Noch einmal zurück zum Herbst 2020: Anita Schneider nannte nach dem Gespräch mit Berlin die folgenden Ergebnisse, die man zusammengefasst erzielt habe: Der Bund werde seine Nutzenkomponenten bis Ende 2020 neu justieren, »sah aber bereits nach Vorstellung des Projektes Lumdatalbahn Chancen, dass ein solches Projekt in die neue Förderkulisse des Bundes passen könnte.« Der Bund beabsichtige unter anderem die Vorschläge und Ideen des Landes zu prüfen und aufzugreifen.
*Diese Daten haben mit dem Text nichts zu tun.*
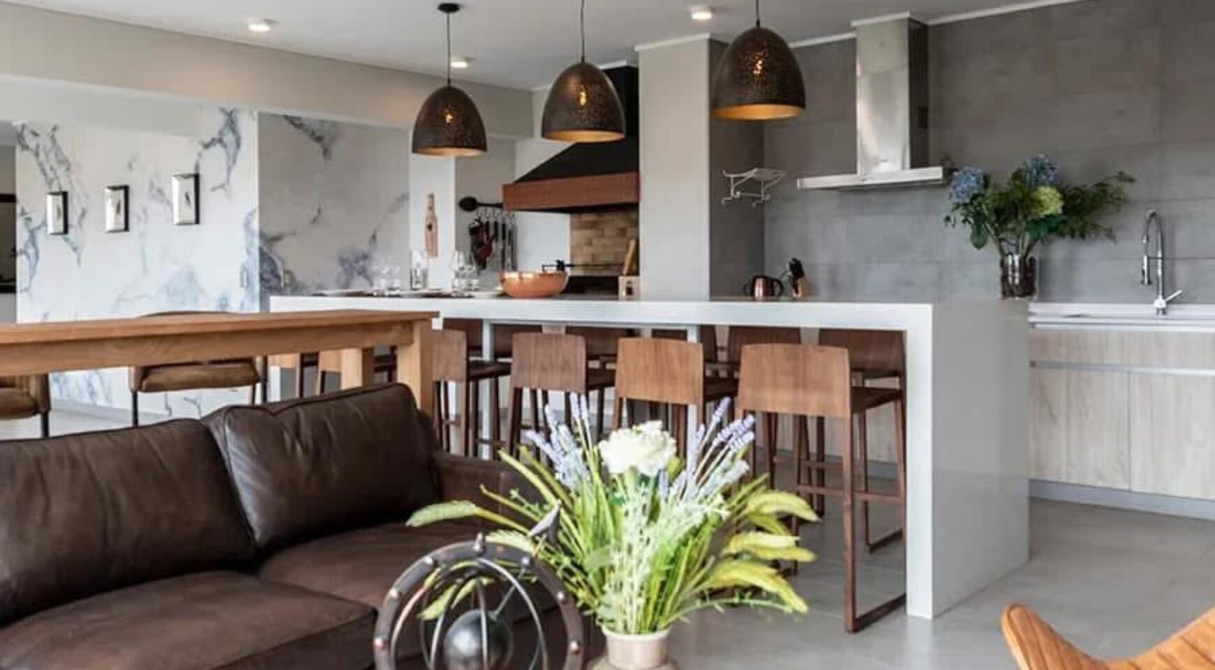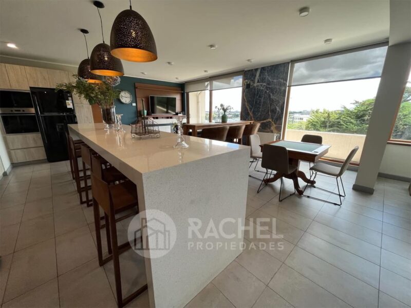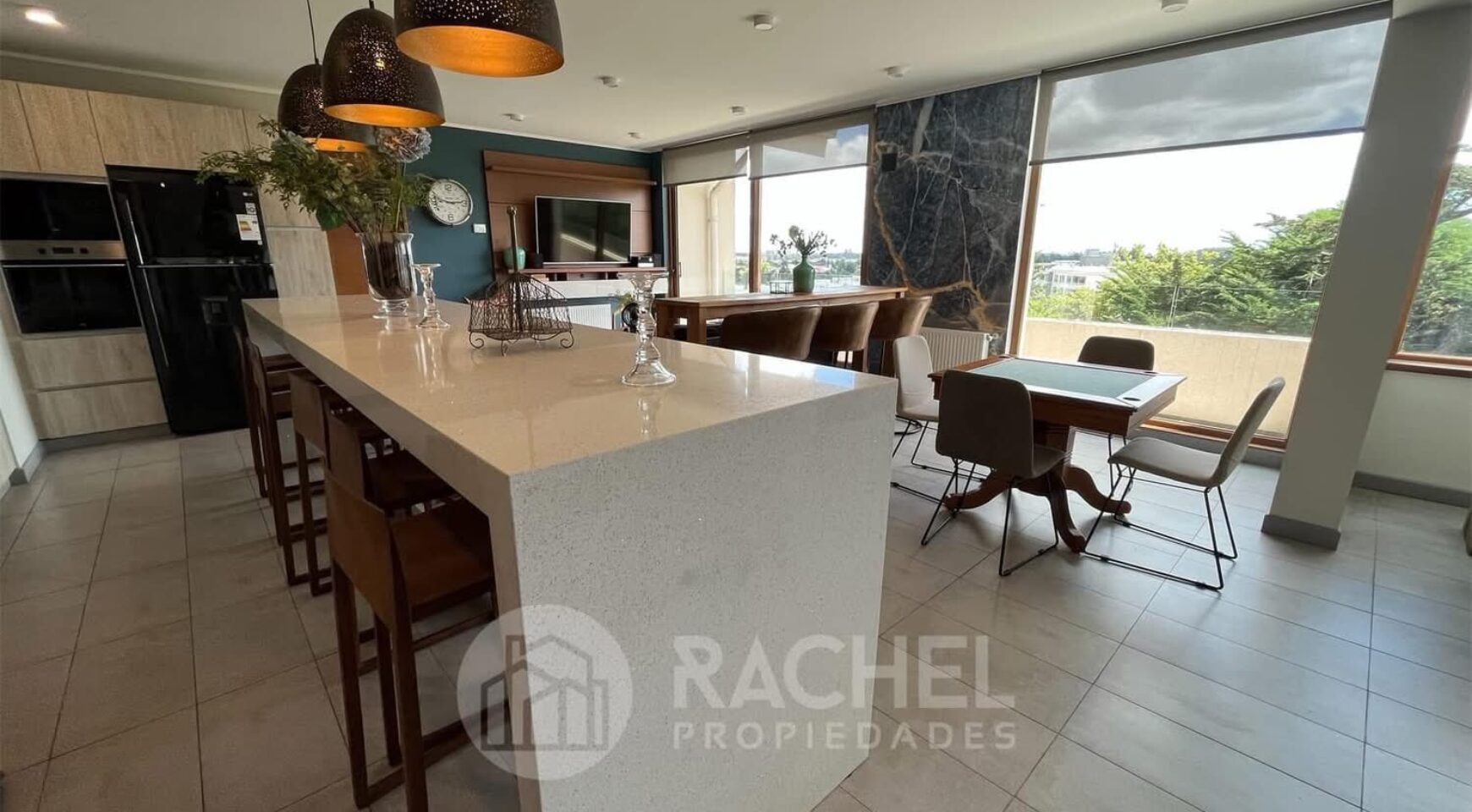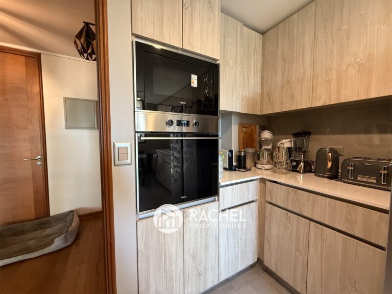 Hall de acceso, cocina cerrada equipada con encimera, campana extractora, horno eléctrico, microondas, lavavajillas, espacio para refrigerador side by side, cubiertas de cuarzo, comedor de diario, logia independiente que incluye lavadero y planchador incorporado.
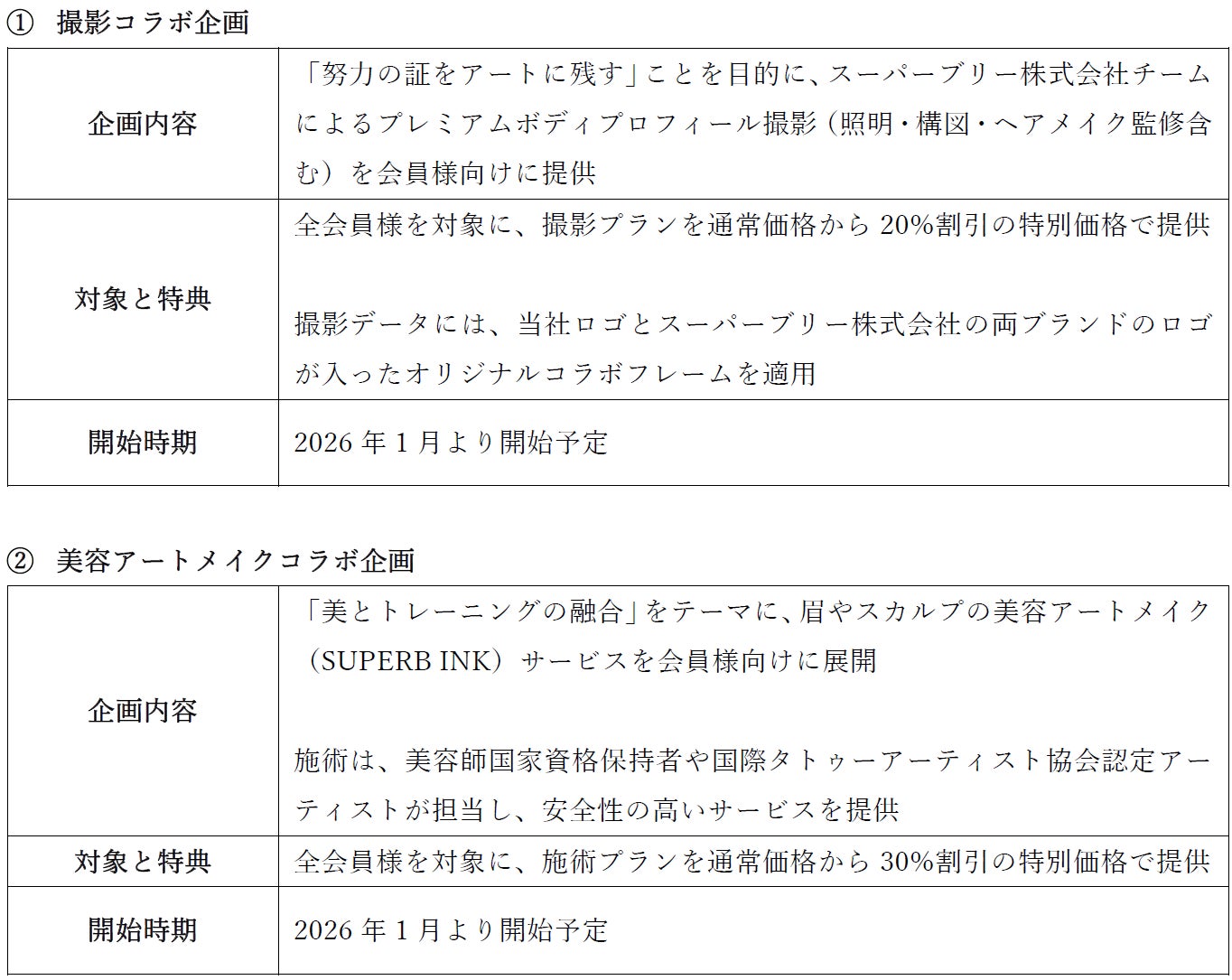 今回のコラボレーションでは、トレーニングを通じて得られた「努力の証をアートに残す」という、フィットネスの新しい価値を追求します。スーパーブリー株式会社が持つ高い撮影技術と、プロフェッショナルな美容アートメイク(SUPERB INK)サービスを融合させることで、「トレーニング後も続く美の提供」を実現し、「手間をかけずに常に美しくありたい」という美容志向層のニーズに応えます。
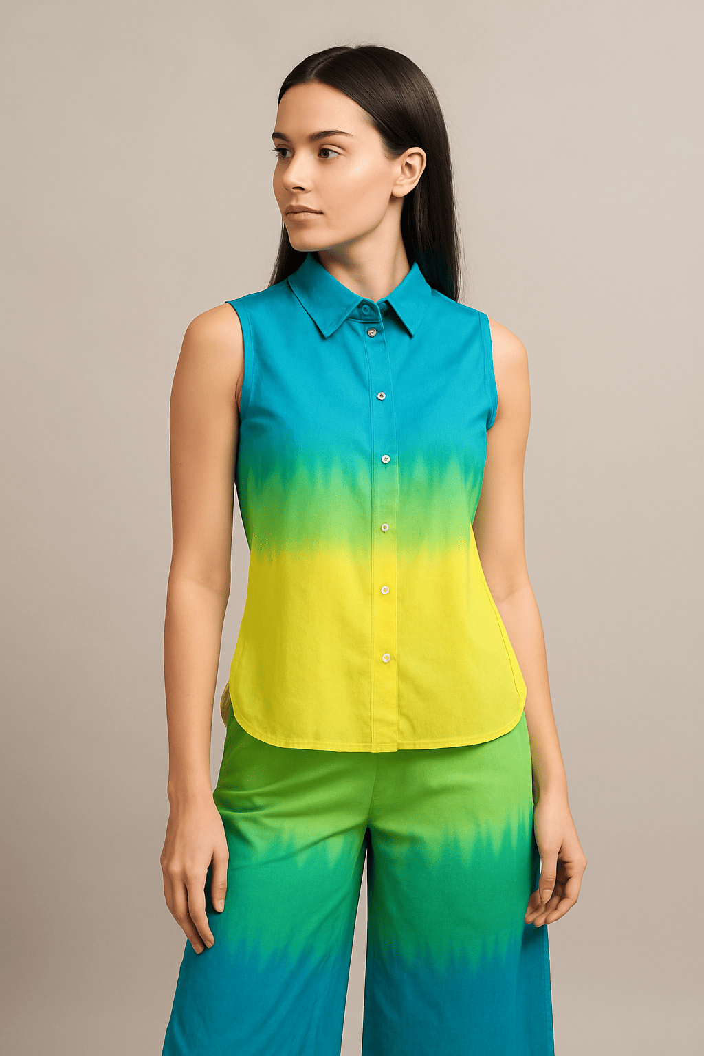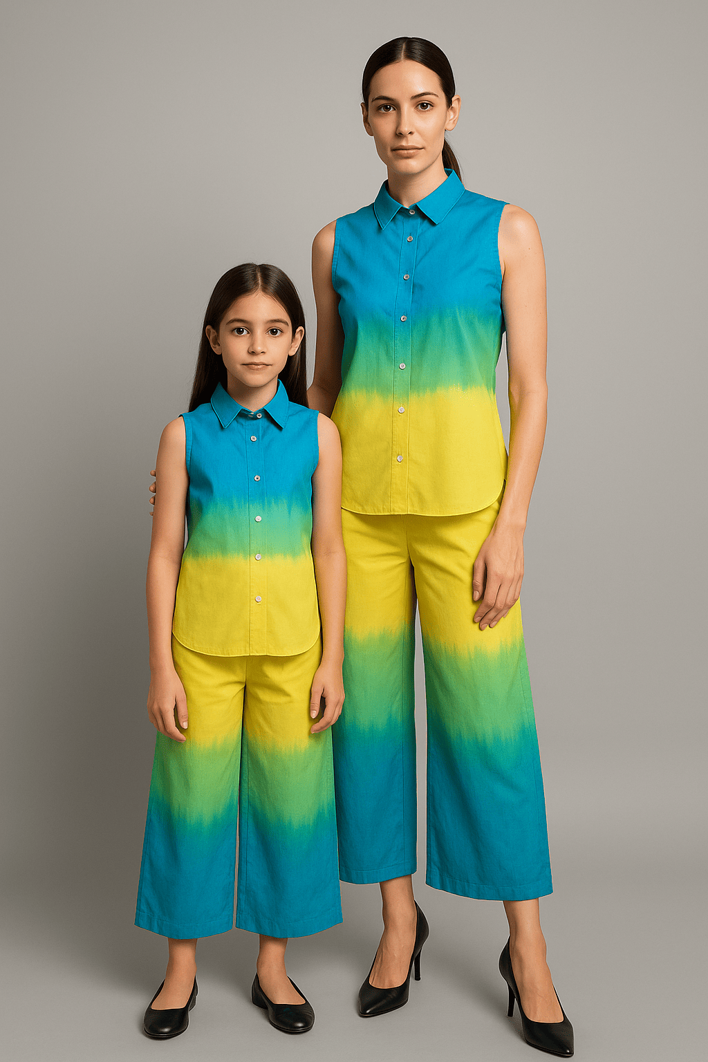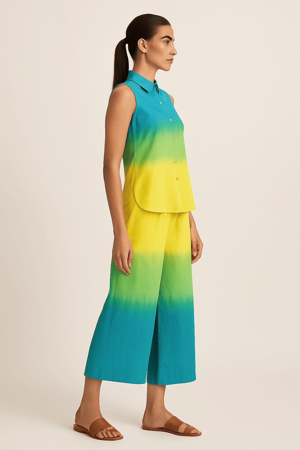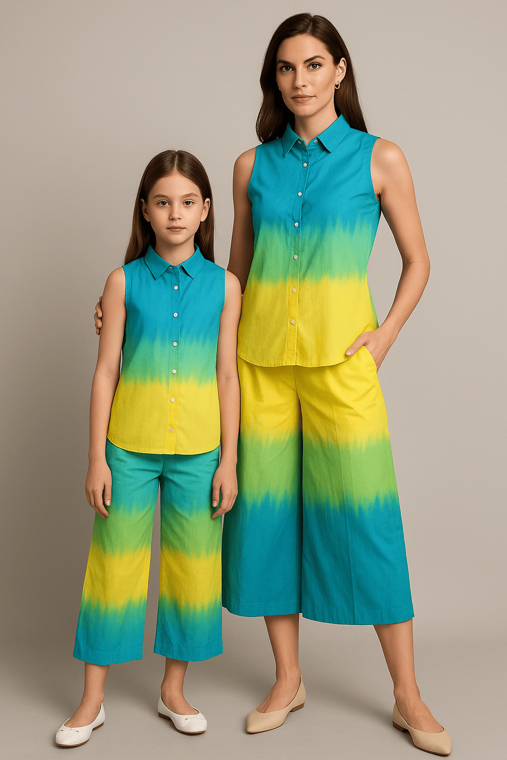 WOMEN'S TIE AND DYED BEAUTIFUL MINI YELLOW BLUE CO-ORD SETS
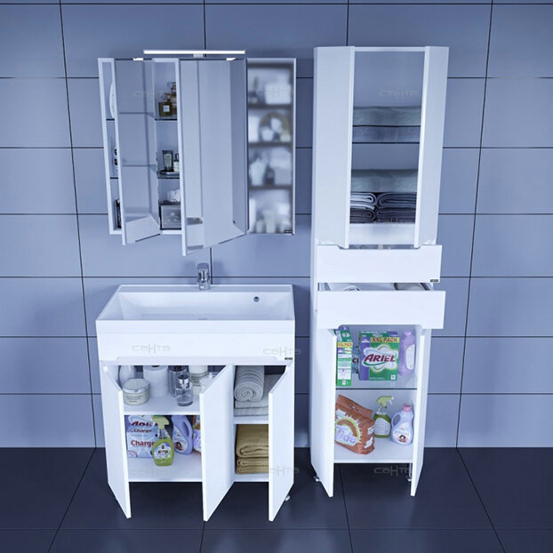 Фасады выполнены из МДФ, покрытой белой глянцевой ПВХ-пленкой. За каждой дверцей на петлях плавного закрывания расположено по дополнительной стеклянной полочке для создания дополнительного места для хранения.

Mittlerweile gibt es eine neue Bundesregierung. So ging auch die Frage nach Berlin, ob die vorherigen Aussagen der Mandatsträger noch gelten. In der Antwort wurde zunächst generell auf die Änderung des GVFG, die zum 1. Januar 2020 in Kraft getreten sei, verwiesen. Auch war zu erfahren: »Die im Zuge der Überarbeitung der Verfahrensanleitung zur Standardisierten Bewertung durchgeführten Testrechnungen zu verschiedenen Vorhaben des schienengebundenen ÖPNV einschließlich des Schienenpersonennahverkehrs dienten ausschließlich der Validierung der sachgerechten Wirkungsermittlung des Bewertungsverfahrens. Ihr Zweck war es dagegen nicht, die Förderwürdigkeit einzelner Vorhaben zu beurteilen.«

Doch sollen denn nun die sogenannten »weiche Faktoren«, also solche abseits der rein monetären Bewertung, bei kleineren Projekten wie der Lumdatalbahn berücksichtigt werden? In diesem Fall also neben Klimawandel und Verkehrswende auch die Entwicklung und die Zukunft des ländlichen Raums. Die Antwort: Die Verfahrensanleitung zur Standardisierten Bewertung werde derzeit überarbeitet und bald in neuer Version zur Verfügung stehen, hieß es aus dem Verkehrsministerium. »In diesem Zusammenhang werden die Faktoren Klima- und Umweltschutz, Verkehrsverlagerung und Daseinsvorsorge eine höhere Gewichtung bei der Beurteilung der Förderwürdigkeit von Vorhaben als bisher erfahren.«

»Bewegung drin«

Doch wird die Lumdatalbahn hier sozusagen »Pate« stehen, ein Modellprojekt zur Definition des Verfahrens sein? Nicht ganz, aber sie gehört in der Tat zu den Beispielen anhand derer die überarbeitete Version des standardisierten Verfahrens formuliert werden soll. Wie Tim Alexandrin, ebenfalls Pressesprecher des Bundesministerium für Digitales und Verkehr, mitteilte, will die mit dieser Aufgabe betraute Arbeitsgruppe noch im Frühjahr dieses Jahres Ergebnisse liefern. Damit könnte dann wiederum der rechtliche Rahmen zu einer neuen, anderen Bewertung kleinerer Projekte geschaffen werden. »«Ich glaube schon, dass da Bewegung drin ist«, wagt er eine vorsichtige Prognose.